- Date: 16–22 April
- Edition: 8th
- Draw: 32S / 16D
- Surface: Hard
- Location: Guadalajara, Mexico

Champions

Singles
- Marcelo Arévalo

Doubles
- Marcelo Arévalo / Miguel Ángel Reyes-Varela
- ← 2017 · Jalisco Open

= 2018 Jalisco Open =

The 2018 Jalisco Open was a professional tennis tournament played on hard courts. It was the eighth edition of the tournament which was part of the 2018 ATP Challenger Tour. It took place in Guadalajara, Mexico between 16 and 22 April 2018.

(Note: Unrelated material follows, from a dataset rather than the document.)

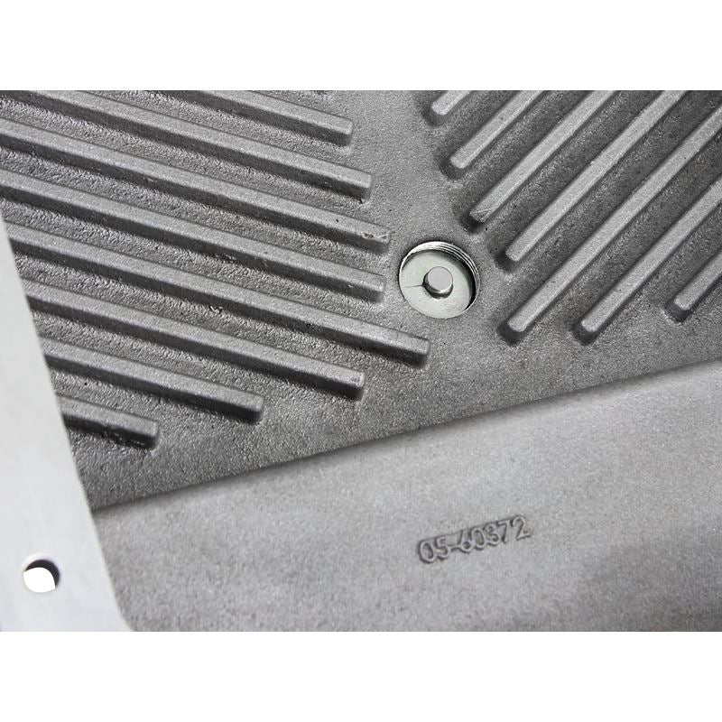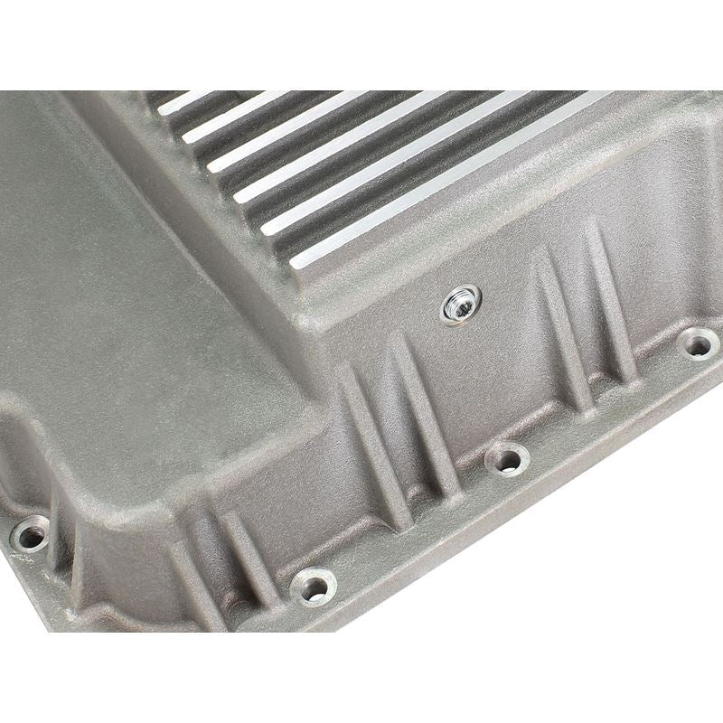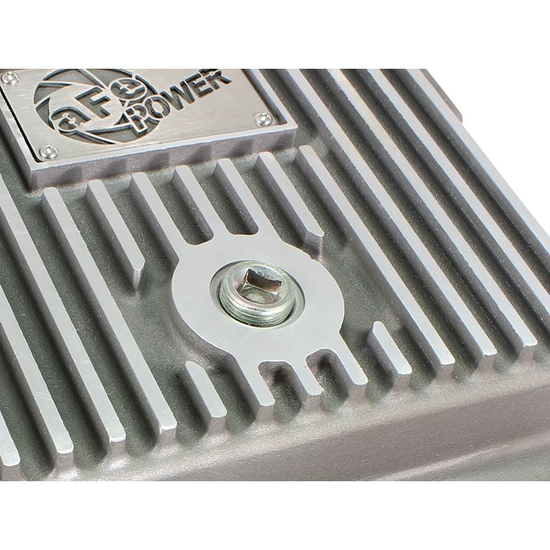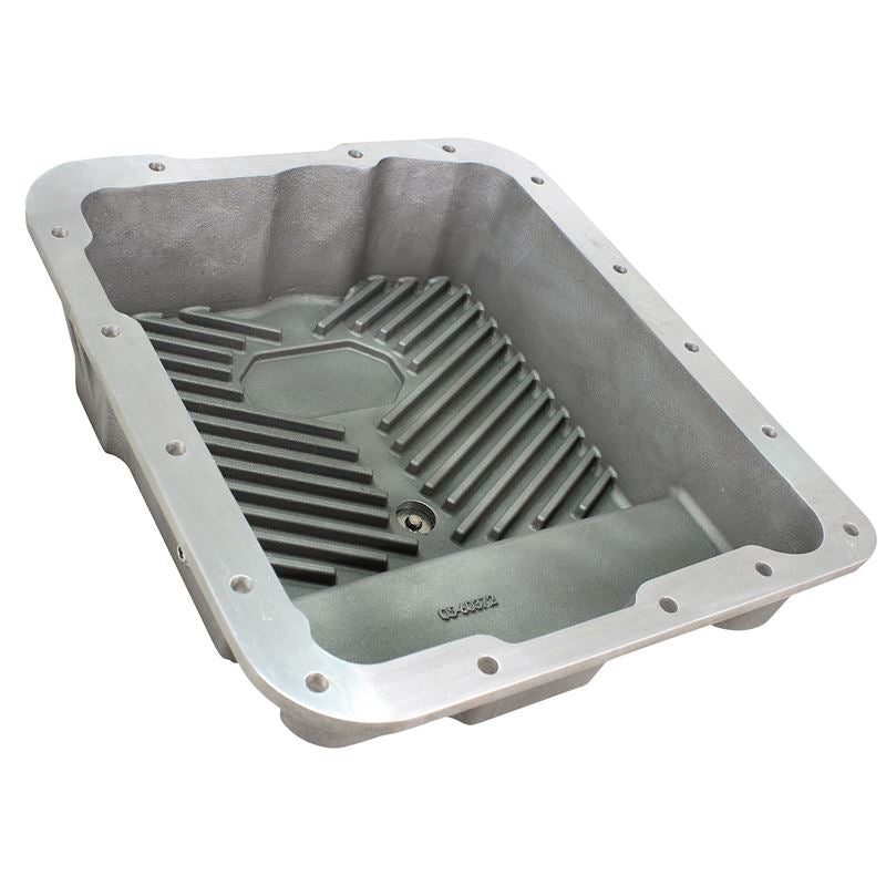 Transmission Pan (46-70240) by aFe. Quantity: 1 Piece. Finish: Raw. Upgrade your transmission with this finned aluminum pan and increase fluid capacity, improve fluid cooling and ease future maintenance jobs. It includes a magnetic drain plug, temperature sensor port, and internal and external cooling fins. Transmission pan comes complete with all necessary hardware to bolt directly to factory location for a hassle-free installation. Compatible with stock filter and able to reuse stock factory gasket.

==Singles main-draw entrants==
===Seeds===

| Country | Player | Rank^{1} | Seed |
|---|---|---|---|
| ESP | Adrián Menéndez Maceiras | 141 | 1 |
| GER | Mats Moraing | 156 | 2 |
| USA | Dennis Novikov | 167 | 3 |
| CAN | Filip Peliwo | 169 | 4 |
| USA | Kevin King | 171 | 5 |
| ESA | Marcelo Arévalo | 174 | 6 |
| DOM | Víctor Estrella Burgos | 177 | 7 |
| BAR | Darian King | 183 | 8 |

- ^{1} Rankings as of April 9, 2018.

===Other entrants===
The following players received wildcards into the singles main draw:
- MEX Tigre Hank
- MEX Gerardo López Villaseñor
- MEX Luis Patiño
- MEX Manuel Sánchez

The following players received entry into the singles main draw as alternates:
- DOM José Hernández-Fernández
- CRO Ante Pavić

The following players received entry from the qualifying draw:
- ECU Gonzalo Escobar
- ITA Federico Gaio
- BRA João Souza
- GBR James Ward

==Champions==
===Singles===

- ESA Marcelo Arévalo def. USA Christopher Eubanks 6–4, 5–7, 7–6^{(7–4)}.

===Doubles===

- ESA Marcelo Arévalo / MEX Miguel Ángel Reyes-Varela def. GBR Brydan Klein / RSA Ruan Roelofse 7–6^{(7–3)}, 7–5.